Growth hormone (GH) is a polypeptide that is made, stored, and secreted into the bloodstream by somatotrophs in the anterior pituitary. The use of growth hormone to improve IVF outcomes in women is based on the premise that GH augments ovarian response to gonadotropins, as first described by Homburg in 1988 [36]. It has been shown to augment the action of FSH on granulosa cells by upregulating ovarian synthesis of insulin-like growth factor 1 (IGF-1) . IGF-1 in turn amplifies the action of gonadotropins on both the theca and granulosa cells [37]. Additionally, GH has been observed to upregulate DNA repair genes in liver cells, establishing the potential for a similar effect on the oocyte [38]. This may ameliorate some of the increased meiotic nondisjunction characteristic of oocyte aging [39].

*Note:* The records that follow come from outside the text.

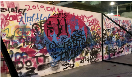
▲ 시민참여로 완성한 100주년 그라피티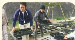
贈呈式に参加させて頂きました!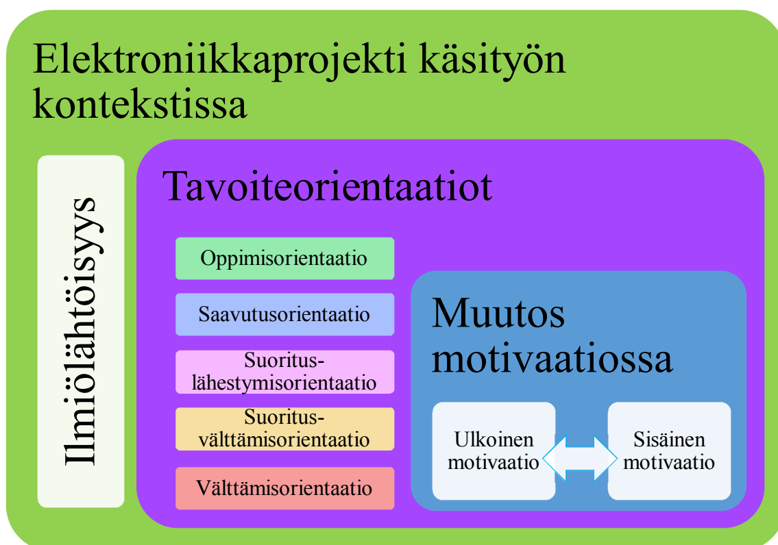
KUVIO 1. Tutkielman teoreettinen viitekehysmalli

Viitekehysmalli on asetelma tutkittavasta ilmiöstä, josta tulee ilmi tutkimukseen liittyvät käsitteet sekä niiden väliset yhteydet. Viitekehysmalli pyritään visualisoimaan mahdollisimman havainnollistavaksi käyttämällä esimerkiksi värejä. Havainnollistamisessa tulee kuitenkin myös huomioida yksinkertaisuus ja selkeys, koska viitekehysten tarkoituksena on selvittää tutkimuksen lähtökohdat ytimekkäästi. (Anttila 2005, 167.)

A recent Cochrane review examined randomized control trials (RCTs) evaluating the role of growth hormone for in vitro fertilization. They identified eight RCTs that looked at the role of GH in women classified as poor responders, although the definition of poor responders differed depending on the study. They concluded that growth hormone significantly improved the live birth rates (OR 5.39, 95 % CI [1.89, 15.35]) and pregnancy rates (OR 3.28, 95 % CI [1.74, 6.20]) in women considered poor responders. However, given the varied definitions of poor responders, further study is needed to identify which subgroup of poor responders will benefit the most from GH. Given the findings from the Cochrane review meta-analysis, GH should be considered in women with POI [40].

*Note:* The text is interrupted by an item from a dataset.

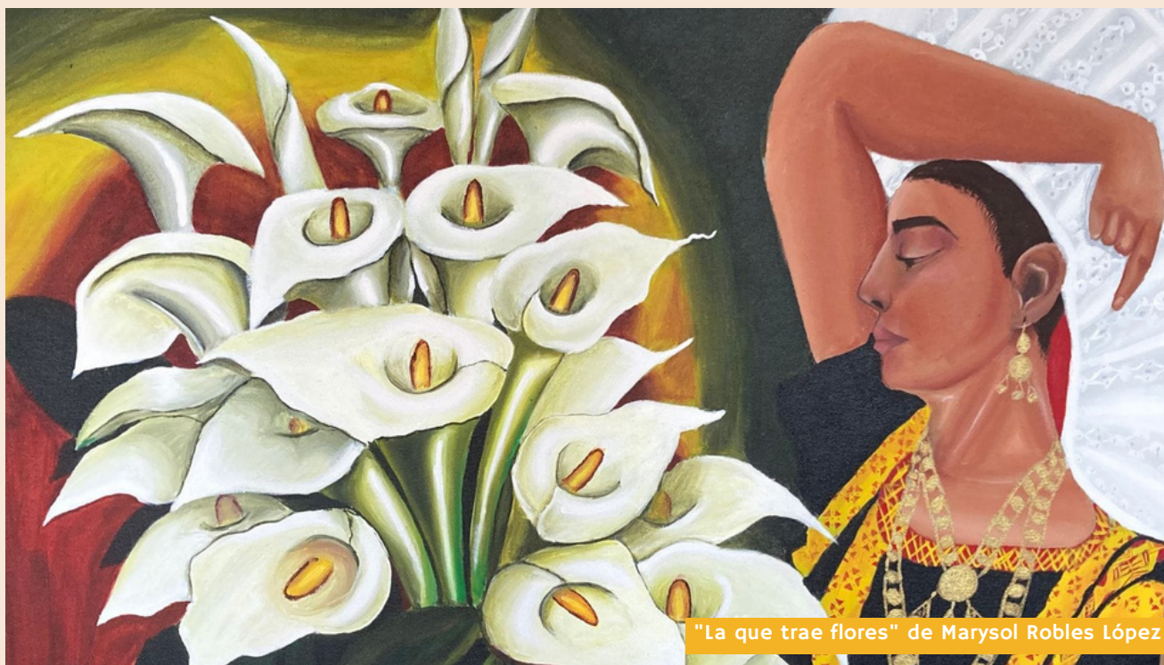
"La que trae flores" de Marysol Robles López

Androgen receptors were first described in the pre-antral and antral follicles of rhesus monkeys, and androgen was noted to increase the expression of FSH receptors in the granulosa cells of these follicles [41–43]. In humans, androgen receptor mRNA and androgen levels in follicular fluid were found to correlate to FSH receptor mRNA [44]. This led to the suggestion that androgen action on pre-antral and antral follicles augments FSH receptor expression, which in turn leads to increased response to controlled ovarian hyperstimulation (COH). It has, therefore, been theorized that treatment with an androgen, such as dehydroepiandrosterone (DHEA), may confer a beneficial effect. Casson et al. first looked at this in 2000; a case series of five women who were poor responders were treated with 80 mg/day of micronized DHEA for 2 months and underwent COH while still on DHEA. They observed improvement in peak estradiol and peak estradiol/ampule of gonadotropin. Only one of the five women achieved pregnancy; this was a twin pregnancy [45]. Following this, multiple studies have been done to further evaluate the effect on DHEA on IVF parameters and outcomes, and the data remains inconclusive [46–48]. Given this, there is insufficient data to support the routine use of DHEA in IVF cycles for POI.